Hacker Steals $1.53M From Rodeo Finance in Second Attack this Week
• Rodeo Finance, an Arbitrum-based DeFi protocol was hacked resulting in the loss of 810 Ether (ETH) worth $1.53 million.
• The hacker manipulated the Time-Weighted Average Price (TWAP) Orcale and tampered with the pricing of the ETH.
• This is the second time that Rodeo Finance is being hacked in July 2023, causing its Total Value Locked to drastically fall from $20 million to below $500.
Rodeo Finance Exploited for Second Time
Rodeo Finance, an Arbitrum-based decentralized finance (DeFi) protocol was recently exploited for the second time in a week resulting in a loss of 810 Ether (ETH) worth $1.53 million.
The exploit was detected when Peckshield, a blockchain analytics company revealed data showing that the exploiter had transferred stolen funds from Arbitrum to Ethereum and exchanged 285 ETH for another token called ‚$unshETH‘. The hacker then used Tornado Cash – a well known mixer service – to route this stolen ETH.

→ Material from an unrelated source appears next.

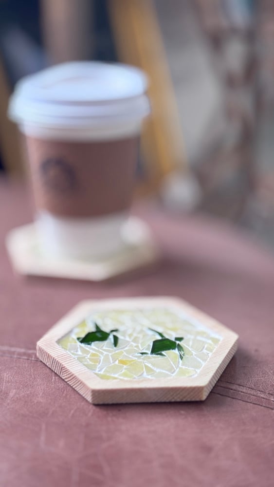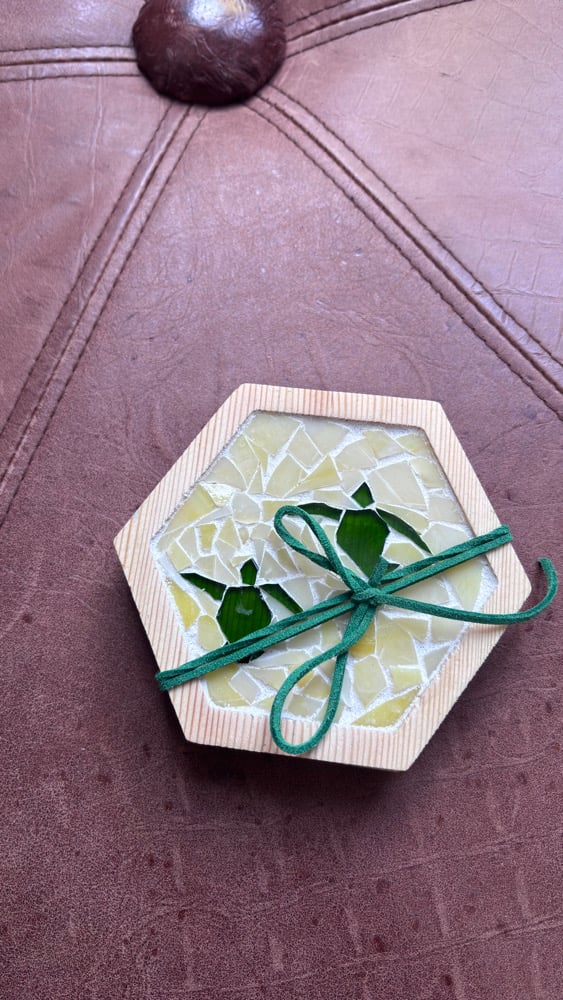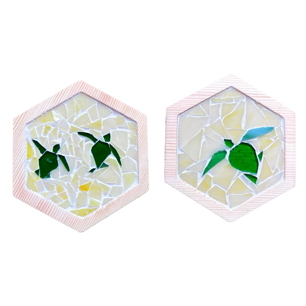A set of two stained glasss mosaic coasters with turtles. Pinewood hexagon base, 4 inch in diameter.

Time Weighted Average Price Oracle Manipulation
The hacker manipulated Rodeo’s Time Weighted Average Price Oracle and tampered with the pricing of Ether through artificial skewing of calculated average prices of assets. They first borrowed large sums of ETH and then artificially manipulated the price to buy back their own asset at deflated prices before returning their loan and making a profit off it.
Total Value Locked Drops Significantly
As a result of this hack, not only did Rodeo’s native token plummet by 54%, but its Total Value Locked also dropped drastically from $20 million to below $500 after this happened. This is now the second time that Rodeo has been subject to exploitation since July 5th where $89,000 worth of crypto assets were lost due to vulnerabilities with its ‘mintProtocolReserves’ function..
It appears as though hackers have already found multiple ways to exploit DeFi protocols such as Rodeo Finance, leaving users vulnerable despite its many security features and protocols meant to protect them against such malicious activity. Despite these hacks, DeFi protocols are still growing in popularity which means we can expect more attacks like these in future as hackers look for new ways around existing security features.